Protesters in Victoria join marches across North America against President Trump’s immigration policies

Protesters in Victoria join marches across North America against President Trump's immigration policies

WATCH: Their message is clear: keep families together. Today, thousands of marches took place right across the continent to protest President Trump’s immigration policies. Kori Sidaway has more now on the demonstration in Victoria. 

First-time protesters young and old gathered today in Victoria to protest the Trump administration’s zero-tolerance immigration policy which has separated families at the Mexico-US border.

“One day our kids are going to look at us and say what did you do to help?” asked Presley White.

Presley’s voice joined a chorus across North America.

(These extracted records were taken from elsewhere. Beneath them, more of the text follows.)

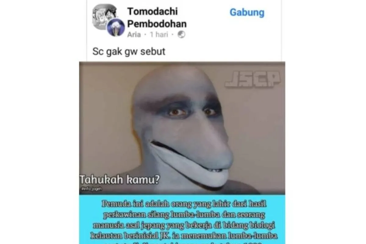 Narasi dalam unggahan itu menyebut manusia jadi-jadian itu merupakan anak hasil perkawinan silang antara lumba-lumba dengan manusia asal Jepang yang bekerja dalam bidang biologi kelautan.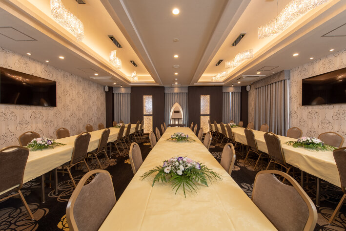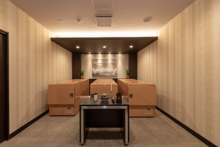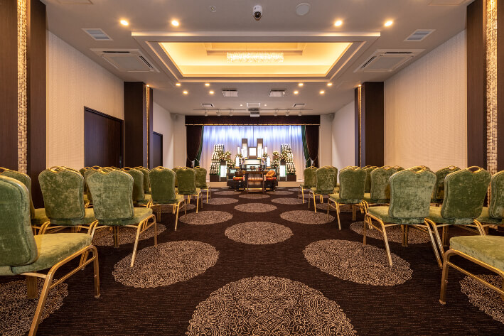 - あらゆる形式のご葬儀に対応できる式場が1つ、家族葬式場が1つございます。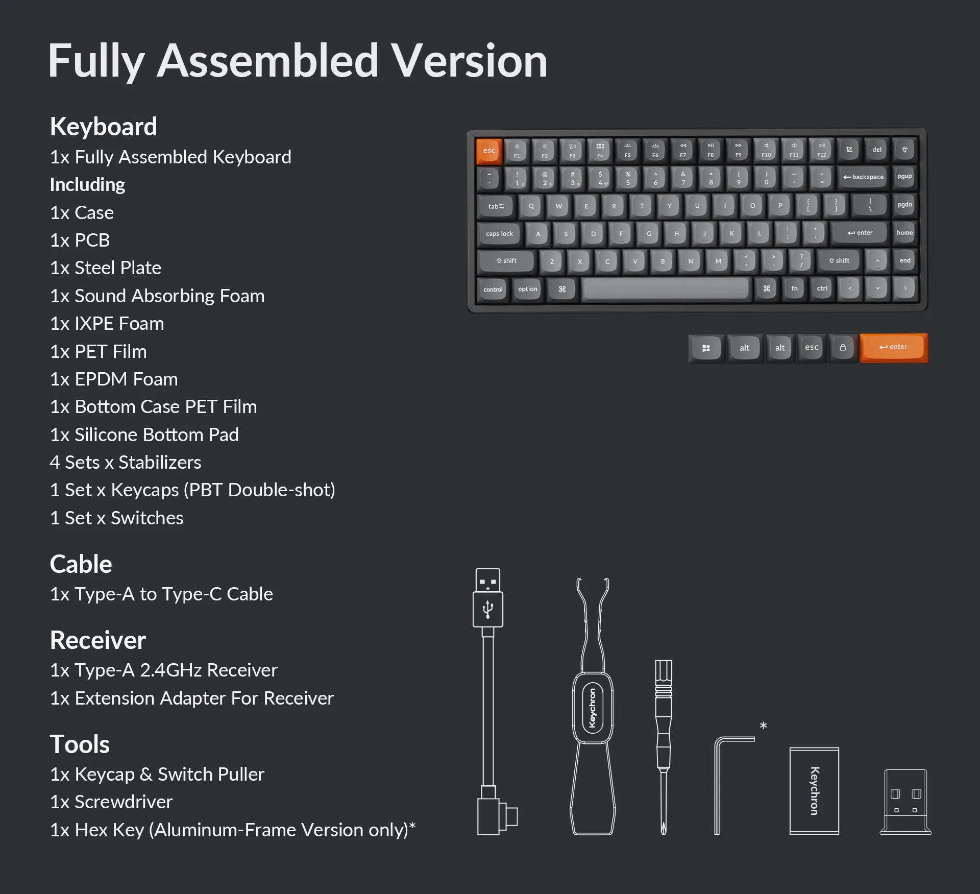 SPECIFICATIONNumber of Keys: 84 (75%) Switches: Keychron Super mechanical Switch Face: South-facing Number of Multimedia Keys: 12 Frame Material: ABS / ABS+Aluminum frame Keycap Material: Double-shot PBT Keycap Profile: OSA (OEM profile with spherical-angle) Layout: ANSI Polling Rate (2.4GHz and Wired Mode): 1000Hz Polling Rate (BT Mode): 90Hz N-Key Rollover (NKRO): Yes for both wireless and wired modes |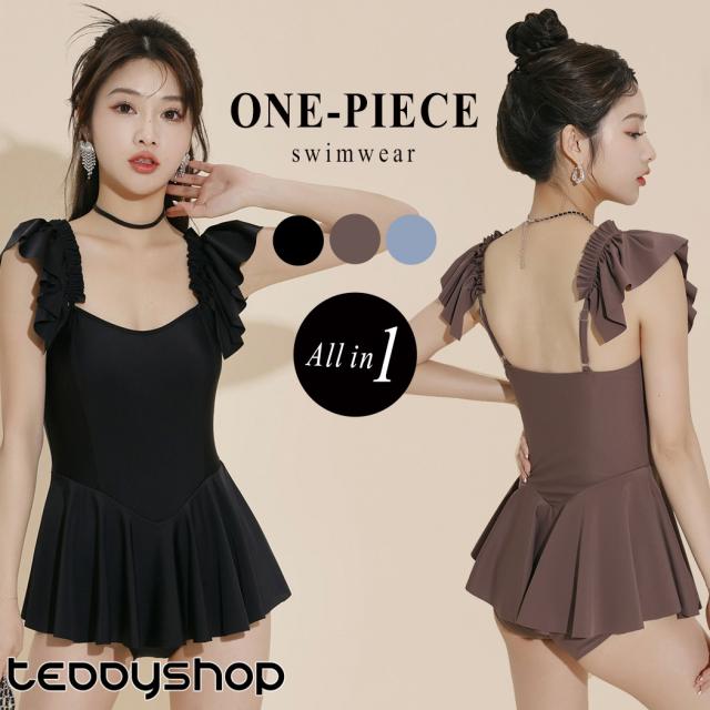 夏新作 水着 体型カバー水着 ワンピース レディース フリル オールインワン フレア ギャザー キャミワンピ ミニ ウエスト切り替え 裾切りっぱなし 肩フリル フェミニン 一体型 モールドカップ ショーツ一体型 お腹 ウエストお尻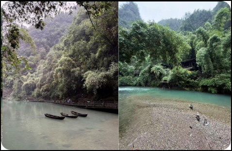下午游览三峡人家,换乘小船进入龙进溪时,土家姑娘的山歌顺着溪水飘来,吊脚楼前的红灯笼在晨雾中若隐若现。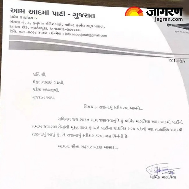 आम आदमी पार्टी को अलविदा कहते हुए दोनों नेताओं ने अपनी-अपनी वजहें भी साझा कीं। धार्मिक मालवीय ने सामाजिक कारणों से इस्तीफा दिया। उन्होंने कहा कि हम काफी समय से सक्रिय नहीं हैं। पार्टी के अच्छे कार्यकर्ताओं को प्राथमिकता मिले। ऐसे में हमने इस्तीफा दे दिया। उन्होंने कहा कि सामाजिक कार्यों में व्यस्त रहने की वजह से हम राजनीतिक कार्यों में मदद नहीं कर पा रहे थे। ऐसे में यह निर्णय लिया।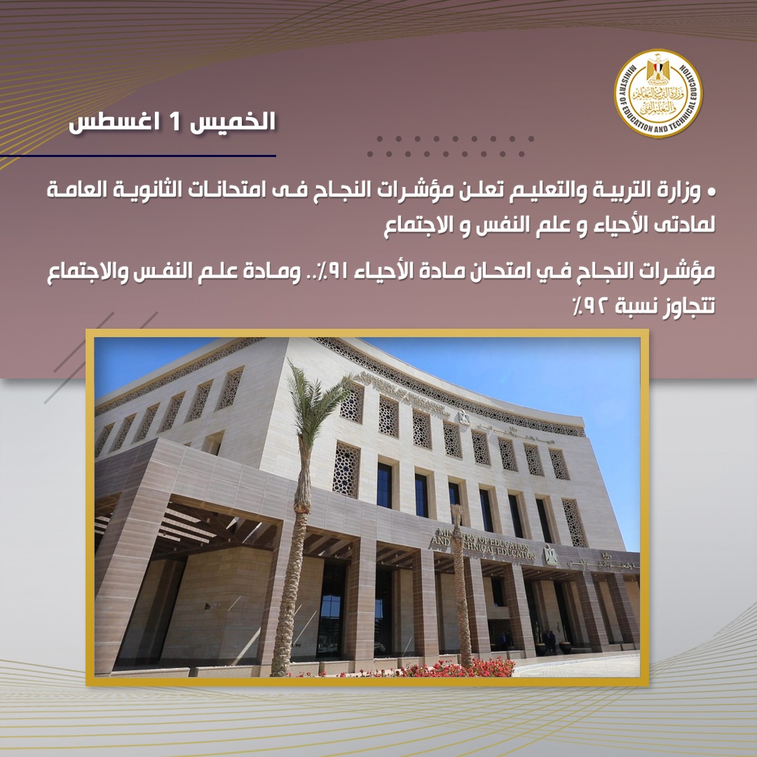 وأوضحت الوزارة أن نسبة النجاح في امتحان مادة الأحياء بلغت ٩١٪، في حين تخطت مؤشرات النجاح في مادة علم النفس والاجتماع نسبة ٩٢٪.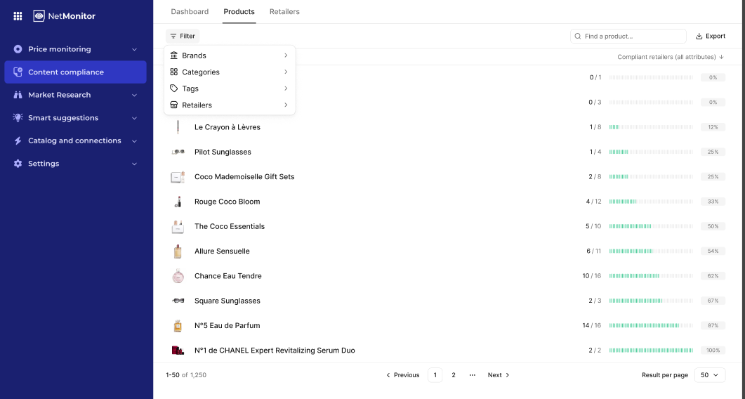 Sortierung: Organisieren Sie die Liste mit dem Dropdown-Menü "Konforme Einzelhändler (alle Attribute)", um Produkte mit den niedrigsten Konformitätsscores zu priorisieren.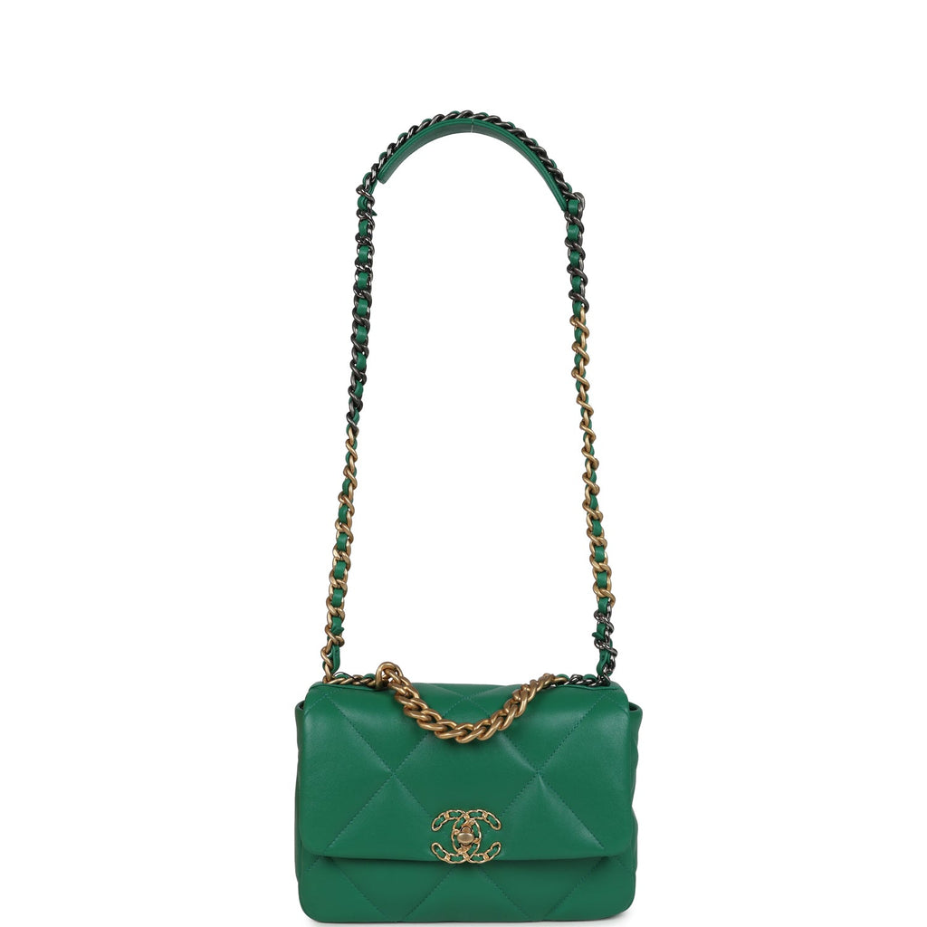 Chanel Medium 19 Flap Green Shiny Lambskin Mixed Metal Hardware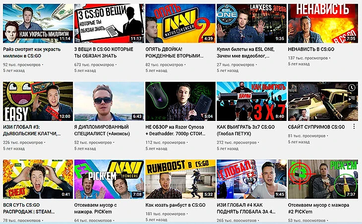 На роликах про учебу в однотипном формате далеко не уедешь, и Райз это понимал. Поэтому он начал создавать видео с кликабельными заголовками: «MLG CS:GO Как обыграть Фнатик?!», «Почему S1mple никогда ничего не выиграет», «Провал Фнатик, взлет NAVI».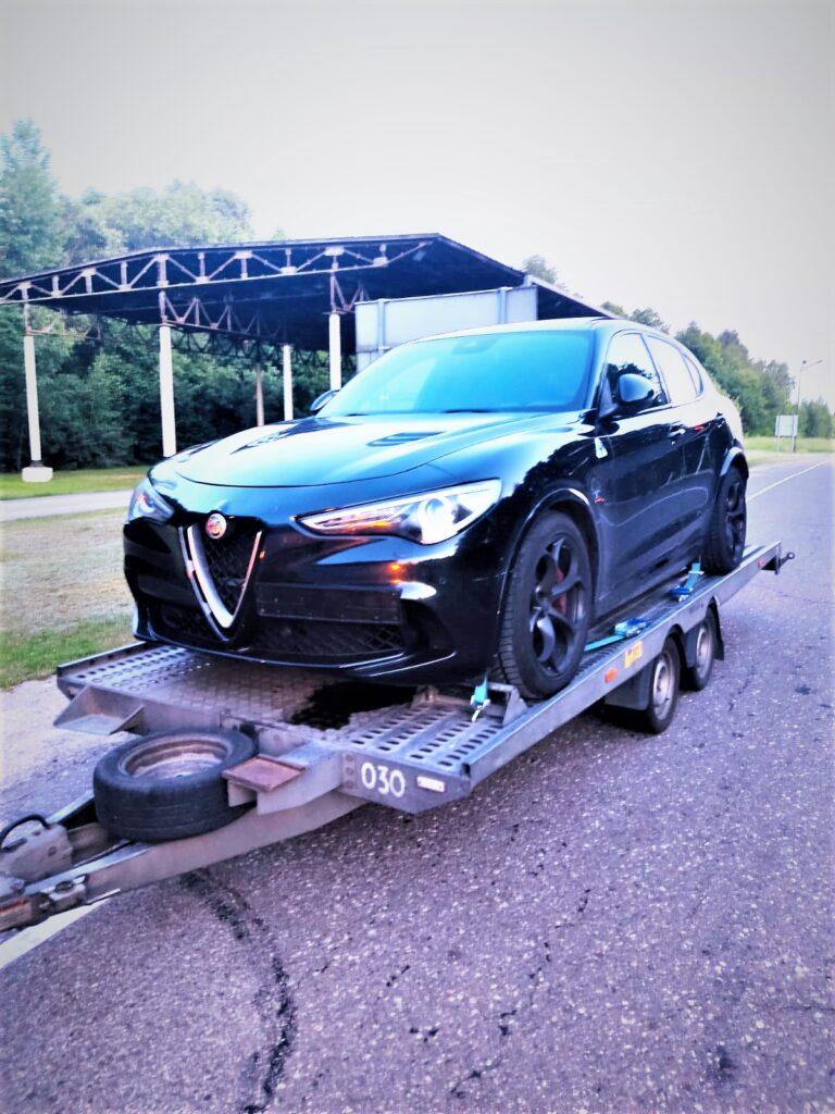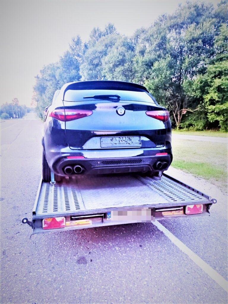 Tačiau jie kilo dėl kito automobilio – ant priekabos gabento „Alfa Romeo“ be registracijos numerių. Kalvarijos pasieniečiai nustatė, kad šio 2018 m. laidos automobilio ieško Nyderlandų policija – paieška Interpolo kanalais buvo paskelbta pernai lapkritį. Apytikrė jo vertė – 60 000 eurų.
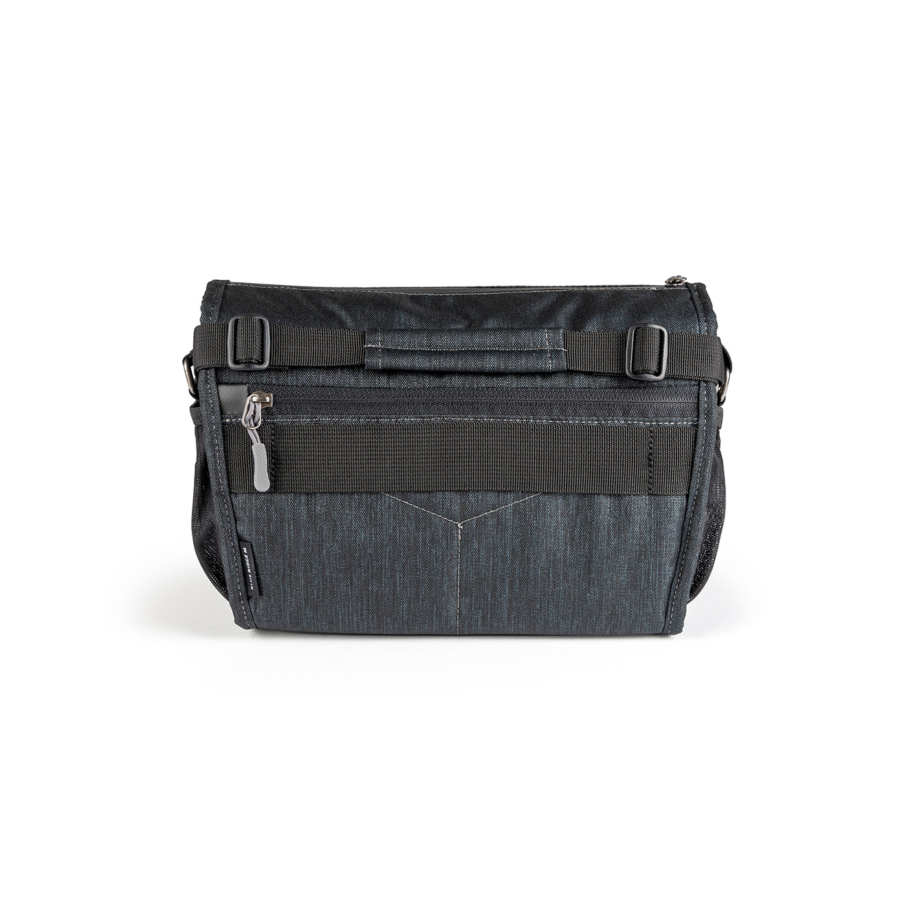 The back of the bag features an additional zippered compartment for flat, non-bulky items like a trail map, filters, or a cable release.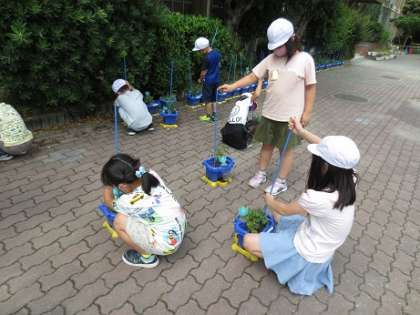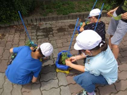 育てているミニトマトが成長してきました。「緑色の実がなってる!」「花が咲いているよ!」と,自分のトマトの変化に気づいて喜ぶ子どもたち。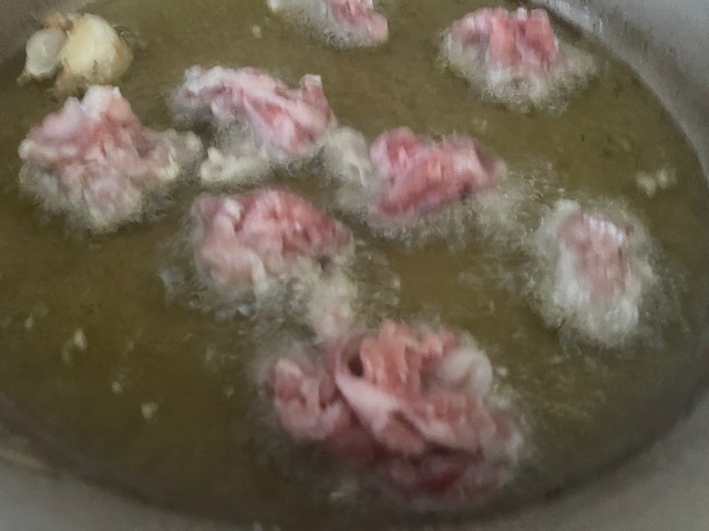 ①豚肉は一枚一枚広げてチューブにんにく・しょうが

Dozens of marches were held across Canada, over 700 were held in the United States, they were even held as far as London, England.

Their message was united: keep families together.

“We owe it to the kids to get them back to their families and also to get them counselling and support and mental health care after all the atrocities they just endured,” said Presley.

President Donald Trump recently ordered that the families no longer be separated, but there’s no clear word on how or when the more than 2,000 children will reunite with their loved ones.

“Oh it’s absolutely not enough,” said Presley.

“There’s still kids separated and they’re going through so much trauma, and we also aren’t fully aware of the story of what’s happening in the places, I think it’s going to be a lot worse than we think it is.”

Here in Victoria and across Canada, the protests acted as a stark reminder of Canada’s own history separating indigenous families.

“Remember that we are all connected. They might put people in cages, they might put people boarding schools, they might find other ways to hurt people and children, but that connection can never be truly be broken,” said one speaker at the event, referring to the not so far away history of residential schools and the Sixties Scoop.

Both took Indigenous children away from their communities and families.